Jan 20 2022. views 165
How do our food experts cook and eat? This week, recipe developer, food stylist and photographer Ranji of @tootingmama takes our Q&A!
1. What’s your first memory of cooking?
My earliest memories of cooking were watching my mum make her curries with her roasted and ground curry powders. Our house was always filled with the rich deep aromas of these spices. As soon as I open a jar of spice, I’m transported back to these early days.
2. What’s the story with ‘tootingmama’?
I started ‘tootingmama’ when I first had my children, essentially it was a mummy blog. I wrote about the ups and downs of being a new mum. As my children grew older, understandably, they didn’t want to be featured on it. This was when I decided to write about food. In the early days, I wrote more general recipes. After I lost my Dad, I started to write up Sri Lankan recipes, sharing the fantastic Sri Lankan food I grew up with.
3. How did you get into food photography and styling?
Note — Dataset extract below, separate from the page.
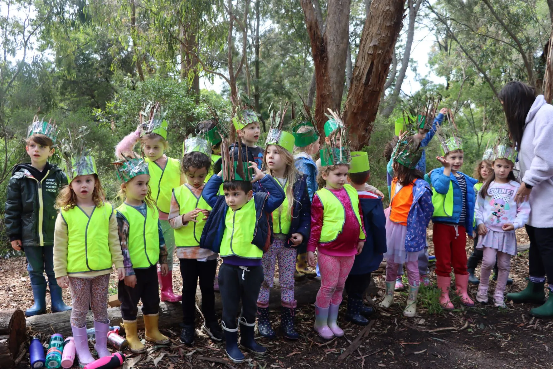 With Bush Kinder (Gan Tevah) being such a highlight this year for our Senior Kinders, our educators initiated a wonderful end of year celebration there. The children and their families spent the morning in the Urban Forest, singing well-loved songs learned during the year and exploring the beauty around them. Thanks to the recent rain, there were puddles to jump into (luckily the children had their gumboots!). The gratitude stones which the children painted on during the term and left today in Gnomes Ville will hopefully spark the curiosity and imagination of others who will also venture into the forest to explore!

Once I started my food blog, I realised I needed to take pictures that’d have people salivating over my recipes. I upgraded my iPhone camera to a mirrorless camera, invested in lenses, and a good sturdy tripod. I read up and watched endless YouTube videos, and invested in courses. I love food photography and food styling so I’m always learning and practising. Now I’m excited to launch my food photography website www.ranjithangiah.photography end of this month!
4. What was your favourite childhood meal?
My mum’s recipe for dhal. Making this reminds me of home comforts. After much pleading, she talked me through the recipe, I took notes, memorised it and now I can recreate it whenever I like. It’s a true gift.
5. The most exotic food you’ve eaten?
We were staying in Palermo, Sicily. On an evening walk, we found street food vendors cooking a variety of food. One of the most unexpected delights was freshly griddled goats’ intestines filled with cheese. It was delicately crisp on the outside, filled with oozing gooey molten cheese. It was beautiful.
6. Your proudest recipe development?
I was trying to recreate my father’s recipe for devilled prawns. I remember trying this recipe many times until I got the right hit of heat, sweetness and sourness.
7. Your favourite odd food pairing?
We lived in Paris for two years - it’s a real foodie paradise. There’s this amazing macaroon shop, Pierre Hemes which is renowned for flavour combinations. I remember trying liquorice and blackcurrant, foie gras (goose liver pate) and chocolate macaroons – divine!
8. What’s your style when it comes to food styling and photography?
When I first started food photography my style was dark and moody. I was influenced by a technique called chiaroscuro, a dramatic style full of shadows that play on darkness and light. I’m now experimenting with a brighter, fresher look.
9. Light, colour, composition, set up – you can only have one in a shoot; which one would you pick? You have to start with light. Lighting will make or break your image. I always look at the light, its direction, its temperature if it’s warm or cold, and then think of ways to manipulate it to get the look I’m going for. After that, it’s composition and colour.
10. What’s the trick to food styling done right?
There are so many components to food styling. I styled a savoury tart, based on Samantha Fore’s roast tomato pie. The styling story was to show the different types of tomatoes in the recipe (cherry, plum and beefsteak), the freshly ground curry powder I used in the filling and the red onions scattered on top. A key element of styling is the colour and textures and the use of props.
11. What’s a dish you’d love to relive for the first time?
I was about six years old. We were having dinner at my aunt’s in Sri Lanka. She’d made a crab curry, and though it was packed with chillie, my brother and I refused to stop eating. We gulped loads of water to keep the heat at bay until we had sucked every morsel of crab from its shells. I’d love to taste this curry again!
12. What’s a Sri Lankan recipe that has been handed down for generations that you still follow?
I make my mother’s chicken curry the way she did, using her curry powder recipe which I make exactly the way she did, roasting and hand-grinding it. I’ve adapted the recipe for the slow cooker, so the meat just falls away from the bone. Teamed up with a bowl of yellow rice, dhal and stir-fried vegetables – it’s perfect.
13. Your favourite food shot?
I love this shot, I took it after I’d made my father’s devilled prawn recipe. It’s probably not the traditional way it’s made, but the taste was spot on - I was overjoyed and I wanted to capture the just-cooked ready-to-serve look!
14. What’s the secret behind good Sri Lankan food?
For me, good Sri Lankan food is about balancing the flavours between hot, sweet and sour, and in some cases bitter, and having these flavours on your plate to give your tastebuds a culinary workout!
15. What’s one thing missing in the Sri Lankan food scene?
Sri Lanka has a great tradition of cakes, we don’t shout loud enough about this. I want to explore Sri Lanka’s cakes beyond Love Cake, which I adore. The world needs to know about bibikkan, breudher, coco de bolo, bolo folhado, as well as butter cake, ribbon cake, and of course our Christmas cake.